2. Part 1: Definition of Syndromes
Spranger et al. [1] defined syndromes accordingly: “A syndrome is a pattern of multiple anomalies thought to be pathogenetically related and not known to represent a single sequence or a polytopic field defect”. Furthermore, Spranger et al. defines “sequence” as “A pattern of multiple anomalies derived from a single known or presumed prior anomaly or mechanical factor”. A polytopic field defect is defined as “A pattern of anomalies derived from the disturbance of a single developmental field” [1].
Dorland's Illustrated Medical Dictionary defines syndrome as “A set of symptoms that occur together; the sum of signs of any morbid state; a symptom complex. In genetics, a pattern of multiple malformations thought to be pathogenetically related” [2].
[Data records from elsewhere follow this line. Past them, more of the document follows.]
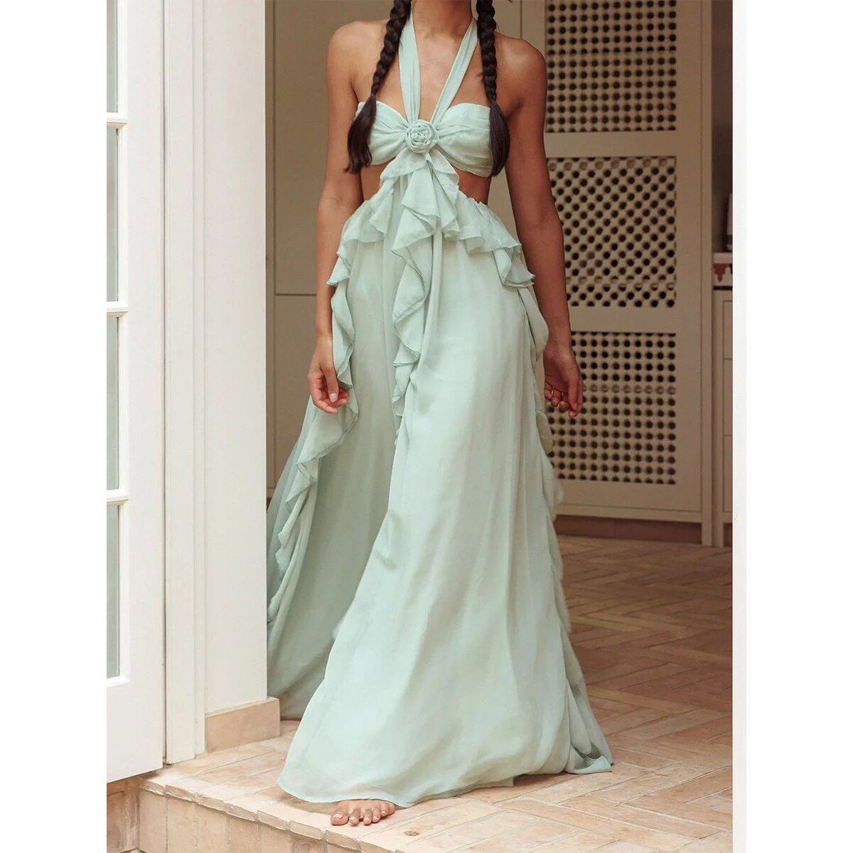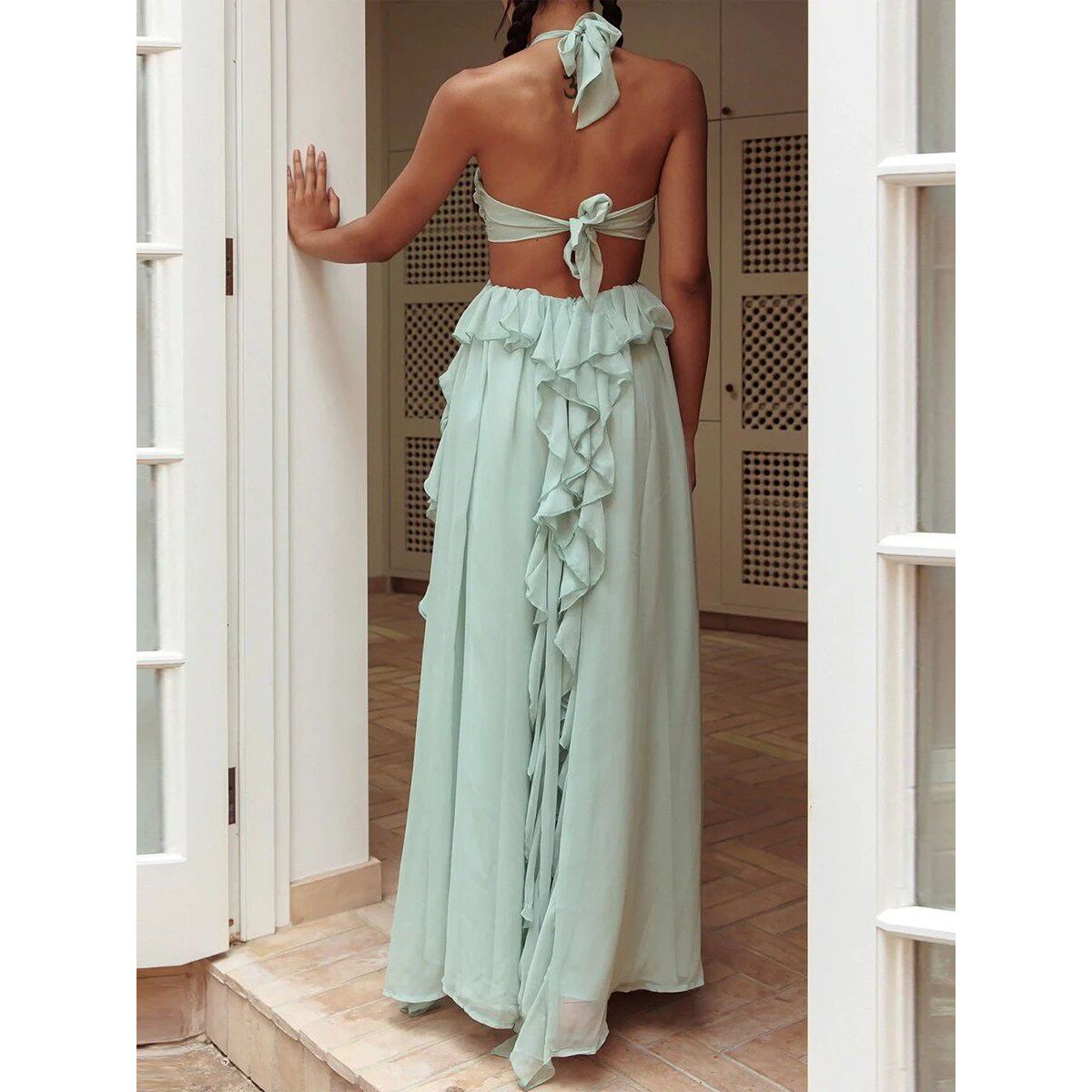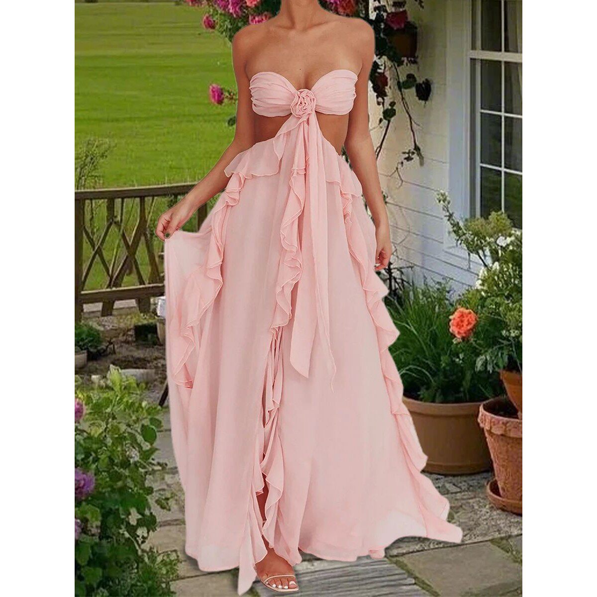 📚 抹胸荷叶边露背度假长裙Strapless lotus leaf side length dress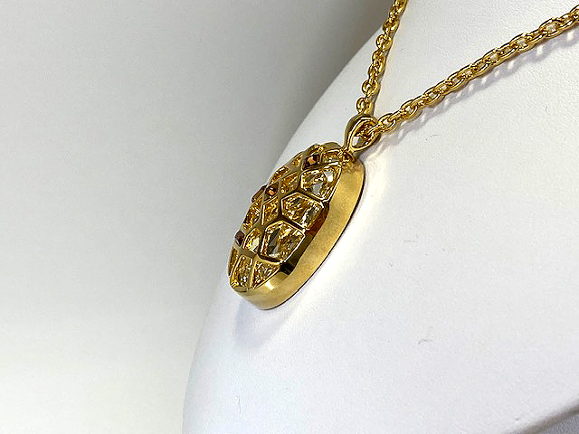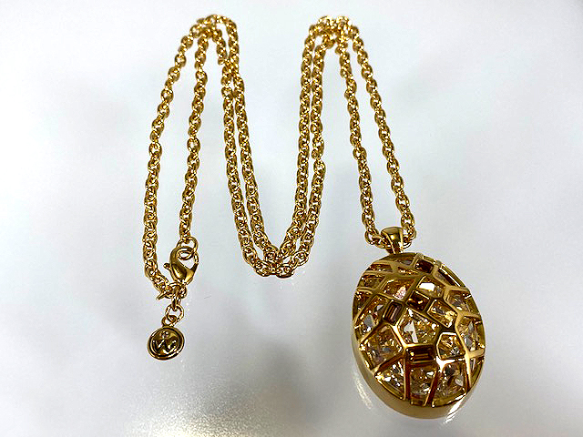 32,450円 (税込)+配送料 中に大きなクリスタルが一石、網目の部分にトパーズ色が数粒施されたロングネックレスです。
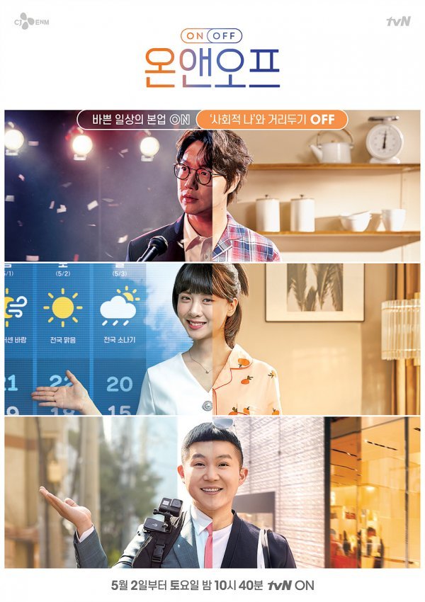 ‘온앤오프’는 바쁜 일상의 본업(ON) 속에서도 ‘사회적 나’와 거리두기 시간(OFF)을 갖는 스타들을 새로운 시선으로 담는 프로그램이다. 바쁜 스케줄 속 ‘사회적 나’에서 벗어나 ‘개인적 나’로 사는 출연진의 모습이 그려질 예정이다.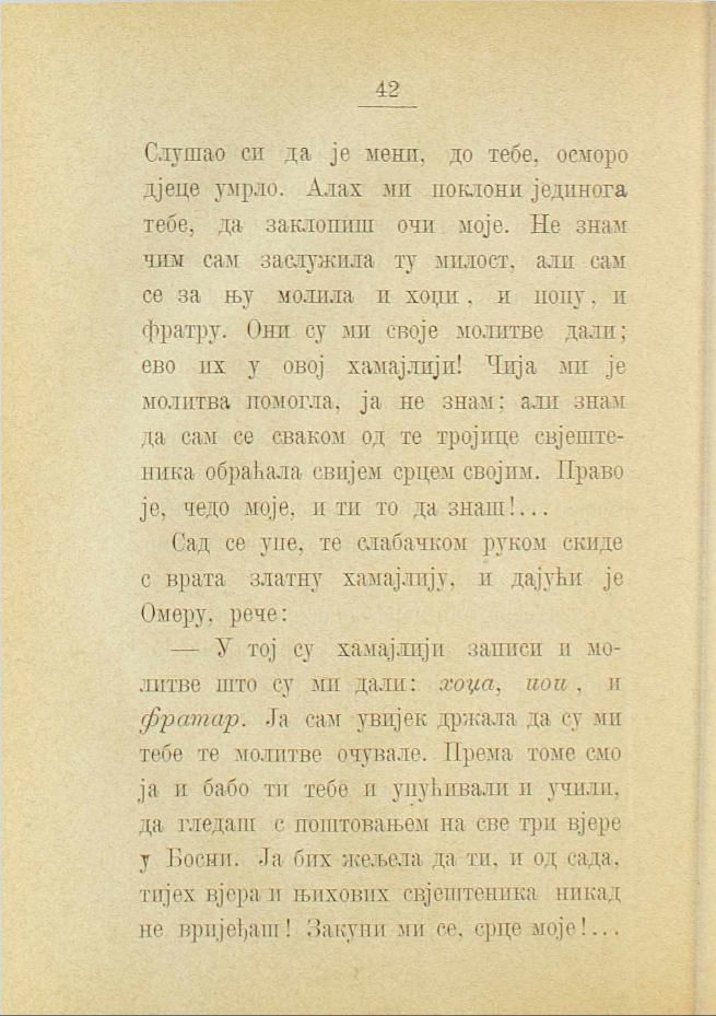 — У тој су хамајлији записи и молитве што су ми дали: хоџа, поп, и фратар. Ја сам увијек држала да су ми тебе те молитве очувале. Према томе смо ја и бабо ти тебе и упућивали и учили, да гледаш с поштовањем на све три вјере у Босни. Ја бих жељела да ти, и од сада, тијех вјера и њихових свјештеника никад не вријеђаш! Закуни ми се, срце моје!...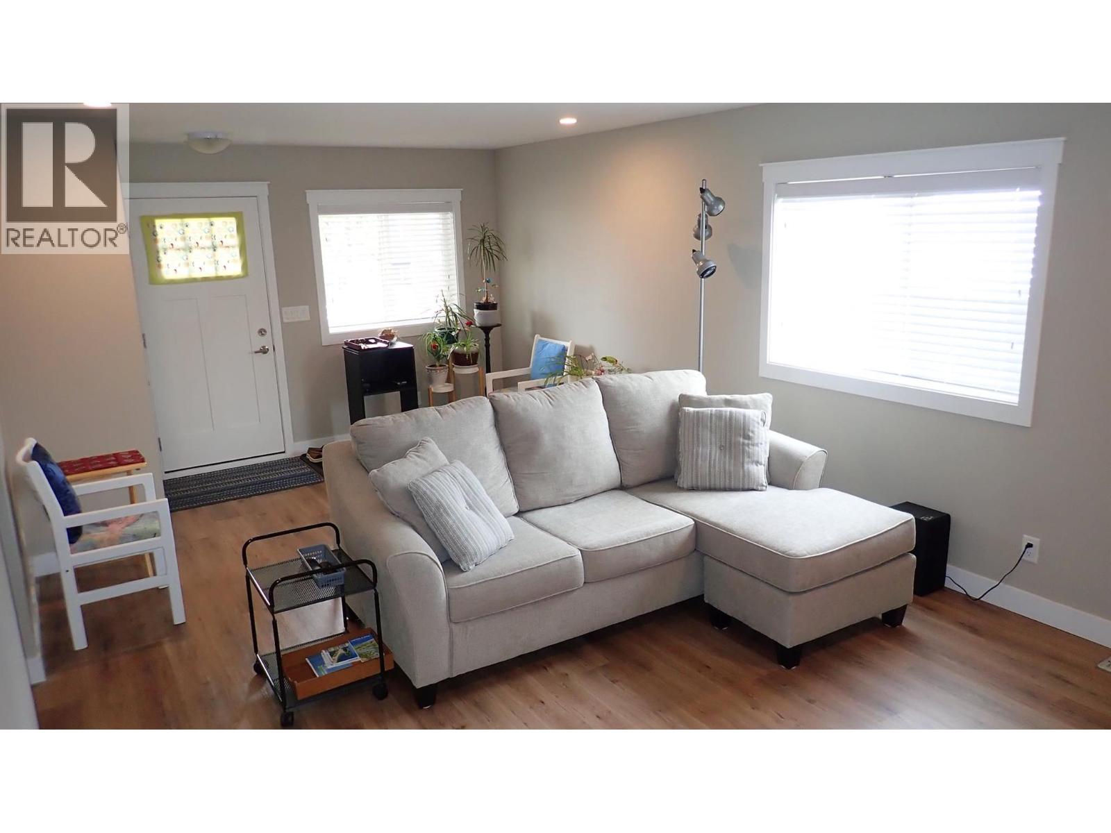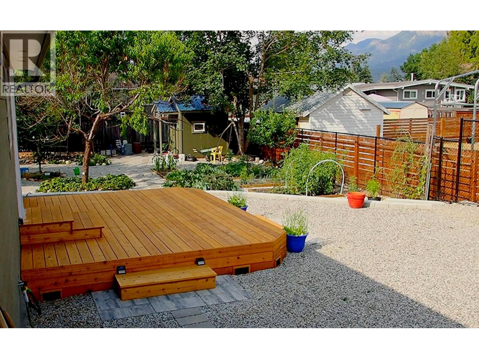 Your newer home awaits you. Move into this 2022 Modular Bungalow 972 sq.ft. open floor concept home, that is built above flood plain elevation. There is so much to this large 70 x 125 ft (.20 acres) City Property, including two driveways with gated back lane access. Vinyl plank flooring throughout, Whirlpool Fridge, Stove, Dishwasher with an LG washer and dryer. Enjoy a cup of coffee on your 27’ x 6’ covered front porch or take in the mountain view on the large side deck. For all the outdoor gardeners, enjoy a huge area of garden beds and a custom-built Workshop 8’x12’ on 8'x20' 6"" concrete pad, plus a custom-built Garden Shed 8’x8'. The property boasts many mature fruit trees including Apple, Peach and several Plum trees, numerous berry bushes, flower beds of Iris, Chinese Lantern, Lilac, wildflowers and other perennials. Lots of balance left on the 10 year warranty. Home features a Crawl Space Access Hatch with Stairs. Large area of back yard area set aside for future paving stone patio sitting area with stone fire-pit. Owner utility pole with all underground city utilities including power, water, natural gas, and TELUS fiber optics . Home can be available for immediate possession (id:6770)

A craniofacial syndrome is characterized by morphological and developmental deviations in the cranial tissue components, including teeth. It is difficult to determine whether the deviation has developed at a primary location that subsequently causes secondary alterations or whether there are general deviations in many structures and at many locations.
In some craniofacial syndromes, the genotype is known and in some it is unknown. Even though the genotype is known in a craniofacial syndrome, it is not understood why that particular genotype causes the malformations observed. A known genotype deviation can manifest itself in the cranium by many different phenotypic expressions, from severe to minor affection. How and why the genotype affects the cranial development and why it affects the cranial components differently are far from explained in full.
In the foreword to the textbook Syndromes of the Head and Neck by Gorlin et al. [3] F. Clarke Fraser stated that the symptoms in craniofacial syndromes may not be limited to the head and neck. It can therefore be questioned whether there are craniofacial syndromes that are limited to the head and neck. This is a challenge for future research.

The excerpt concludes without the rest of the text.